Немую сцену застал темнокожий подросток, оказавшийся хозяином. Он выложил на стол содержание сумки, должное, на его взгляд, потрясти гостей: кусок сыра, пирожки, ломоть ветчины и несколько банок пива.
– Я потратил почти все деньги, сеньор, – обратился он к Луке на плохом итальянском. – А сеньора.?..
– Меня зовут Люсита Ромуальдес и я, пожалуй, с удовольствием пообедаю.
– Это ужин, сеньора, но я думаю, здесь останется еще на завтрак. А это – радио. Оно совсем еще хорошее, – паренек вытащил антенну небольшого транзистора и покрутил настройку. – Нам нужна римская служба новостей, – нетерпеливо схватил приемник Лукка. – Вот, вот, тише!
Веселый голос дикторши, словно предполагавший звучать исключительно на курортах Средиземноморского побережья, завершил обзор погоды. «Об основных новостях этого часа вы услышите через пятнадцать минут. А сейчас на нашей волне немного музыки».
Лукка уменьшил звук и спрятал лицо в ладонях.
– Извини, Алиса, я что-то плохо соображаю – очень уж бурно разворачиваются события. Моя голова не успевает осмыслить то, что уже сделало мое тело. В последнее время меня перемещают в пространстве, как пешку.
– Со мной происходит нечто похожее. Голова еще собирается что-то обдумать, а руки уже торопятся накормить тело, – Алиса откусила кусок пирога. – Когда я нервничаю, как ты когда-то заметил, аппетит разгуливается с невероятной силой – чувствует полную бесконтрольность.
– А я уже не помню, когда ел. Не представляю, как это, приговоренные, в качестве последнего желания заказывают перед эшафотом ужин. Меня все еще продолжает мутить, хотя по всем расчетам, я должен быть уже на подступах к чистилищу. Боже мой! Если бы ты знала, какое ужасное преступление я совершаю, отсиживаясь здесь сейчас… Тише! – Лукка настороженно прильнул к приемнику, поставив громкость на максимум. – Это о них!

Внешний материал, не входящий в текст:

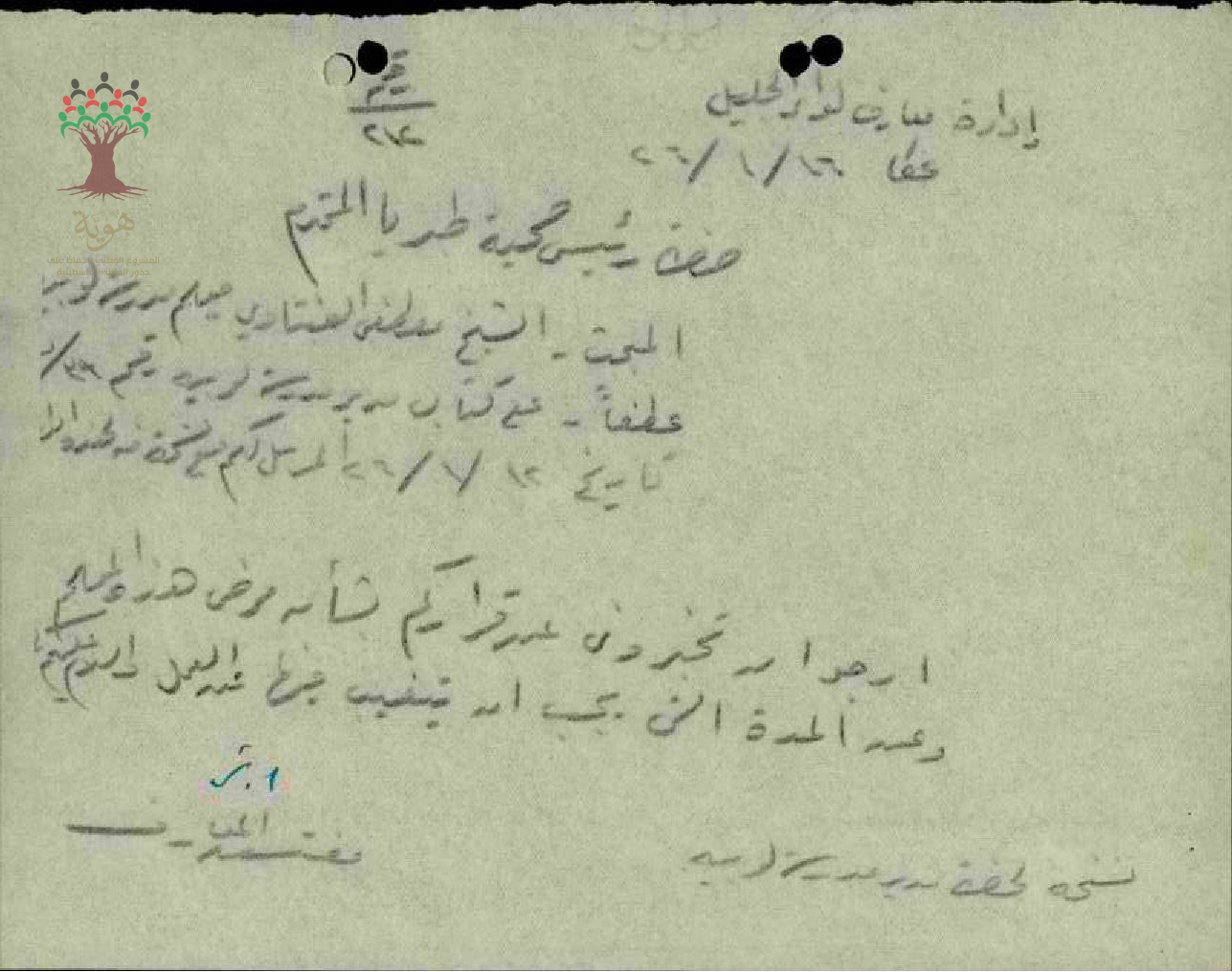 رسالة من مفتش المعارف الى رئيس صحية طبريا يسأل عن صحة المعلم مصطفى عنبتاوي
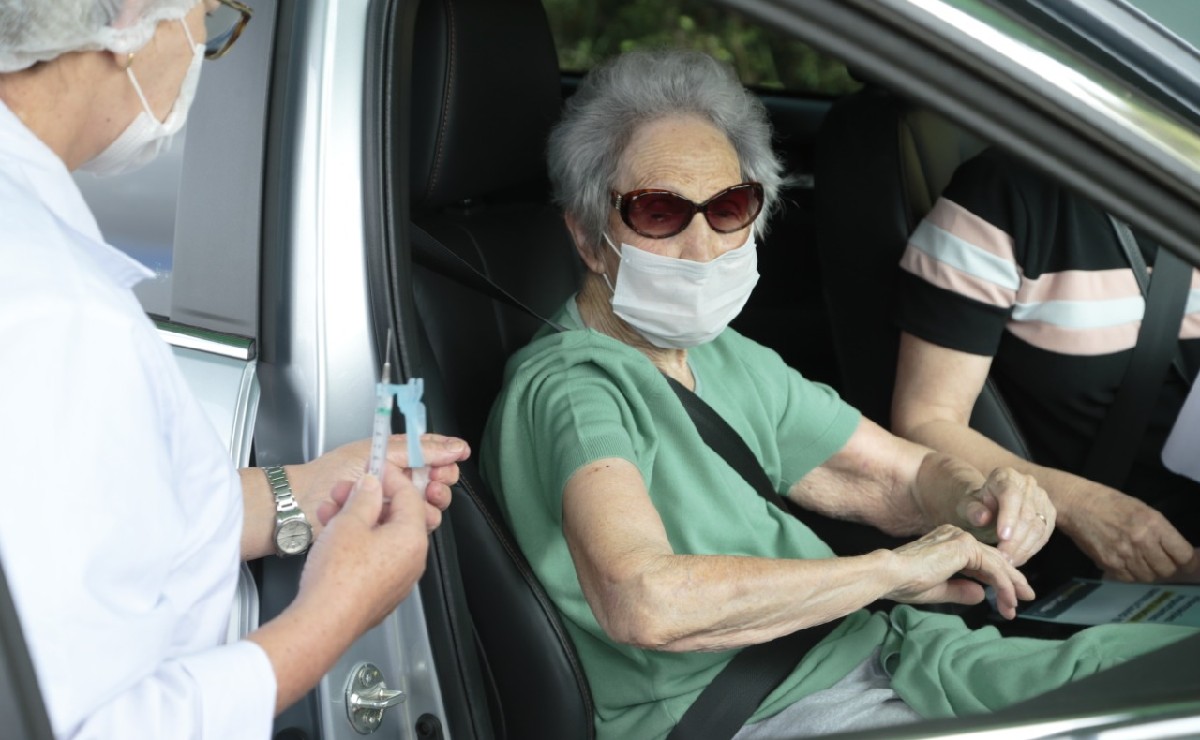 Quem também estava na fila para vacinação era dona Eloema Martins, de 96 anos. Ela estava animada com a vacinação e estava com a filha. “Foi uma sensação boa. A gente quer o melhor, ainda mais nessa fase da vida. Só de saber que é pra melhorar a gente fica feliz. Esse é mais um abacaxi que descascamos nesta vida”, brincou Eloema Martins, segunda vacinada do dia no drive-thru do Parque Barigui.
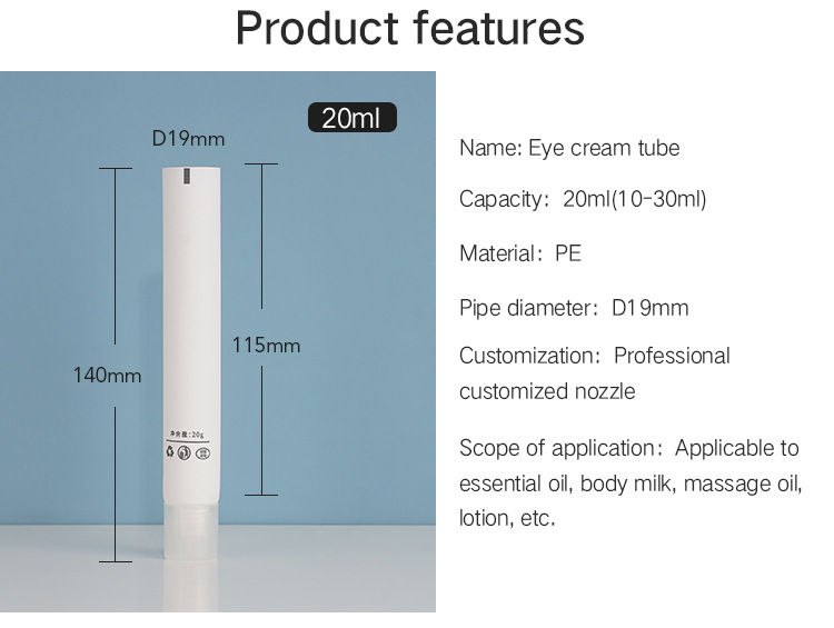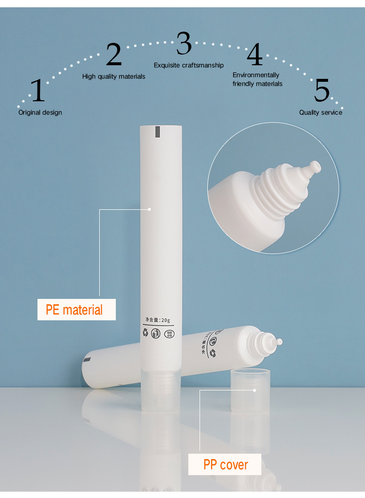 10毫升15毫升白色聚乙烯挤压美容面霜修复护肤容器包装管带滴管喷嘴
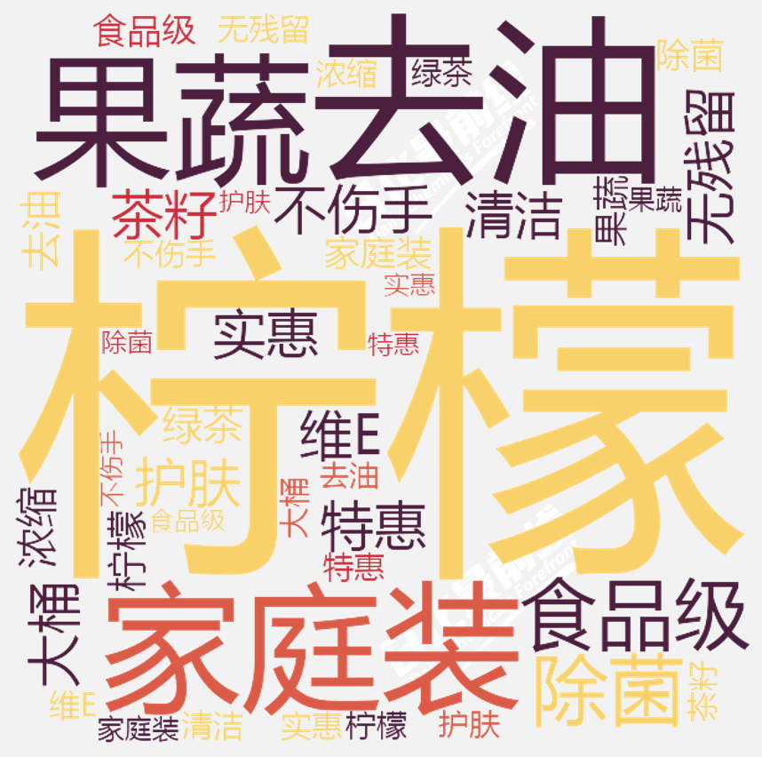热销洗洁精产品大多强调其去油洁净不伤手食品级的功效 fun88乐天堂,另外柠檬香味是最主要的香味,与此同时家庭大桶装,实惠特惠也是线上热销产品的主要卖点。
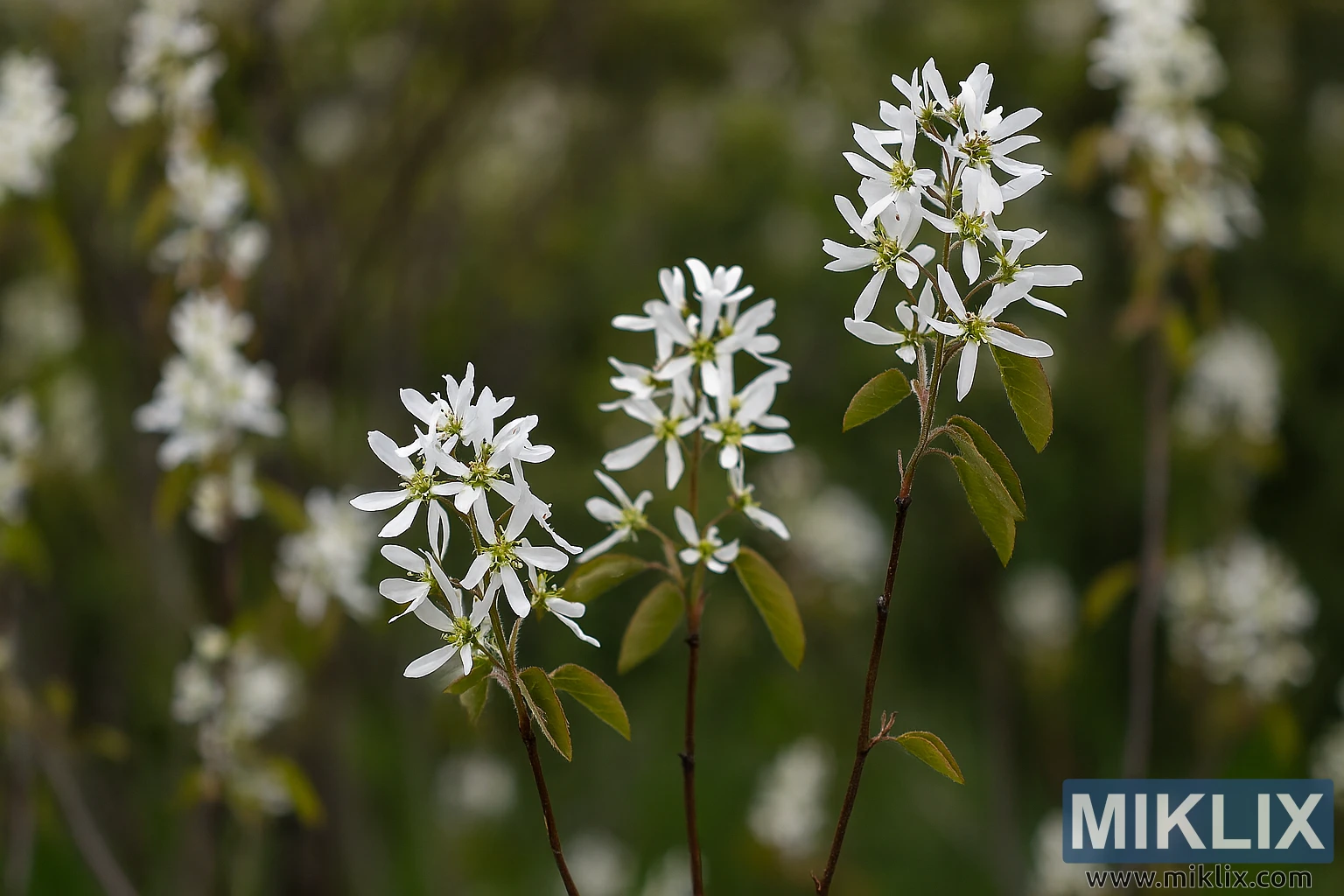 The background of the image is softly blurred, employing a shallow depth of field that emphasizes the sharpness and clarity of the foreground flowers. This bokeh effect transforms the surrounding greenery and additional flower clusters into a painterly wash of greens and whites, ranging from deep forest tones to lighter, almost yellowish hues. The blurred backdrop not only provides depth but also enhances the perception of space, making the Serviceberry blossoms appear as though they are gently emerging from a lush, living canvas.

«…Мы видели прямой репортаж с Пьяцца дель Пополо, где через три часа должно состояться грандиозное представление, если так можно назвать чудовищную акцию, запланированную преступниками. Вы уже знаете, что согласно ультиматуму, захваченный заложник будет убит, если сегодня ровно в двадцать четыре часа по европейскому времени здесь не окажется его отец, приговоренный мафией к публичной казни… – репортер включил уличный шум. – Вы слышите – сюда уже собираются зрители, привлеченные варварским спектаклем. Не дремлет и полиция – я вижу три автобуса спецподразделений и мощный кордон карабинеров, оцепляющий площадь. Я обращаюсь с вопросом к руководителю группы захвата спецподразделения капитану Альфьери: «Наши слушатели хотели бы знать, капитан, насколько надежна ваша защита? Сумеют ли ребята предотвратить кровопролитие?» Послышалось шуршание, щелчок микрофона. «Я хотел бы дать вам утвердительный ответ, но, к сожалению, не могу… Мы сделаем все возможное… Однако современная техника стрелкового оружия и архитектура площади не позволяют гарантировать безопасность. Практически – стрелок может оказаться где угодно, а может их будет несколько. Все помнят даласскую трагедию и убийство президента Кеннеди…»
Алиса не решалась произнести ни слова – таким мучительно-напряженным было ожидание Луки. Они слушали концерт детского хора, исполнившего церковные песнопения, рекламу нового мороженного «Tutti Frutti», произносимую тягучим полушепотом, с порочным наслаждением извращенца, узнали мнение супрефекта Рима по поводу сборища на Пьяцца дель Пополо.
«Лично мне вся эта история кажется сильно преувеличенной. Дело движется к выборам городских властей, и вы успели заметить, что этот сезон особенно богат сенсациями… Не проще было бы организовать операцию по спасению заложника, чем готовить пышные декорации к спектаклю».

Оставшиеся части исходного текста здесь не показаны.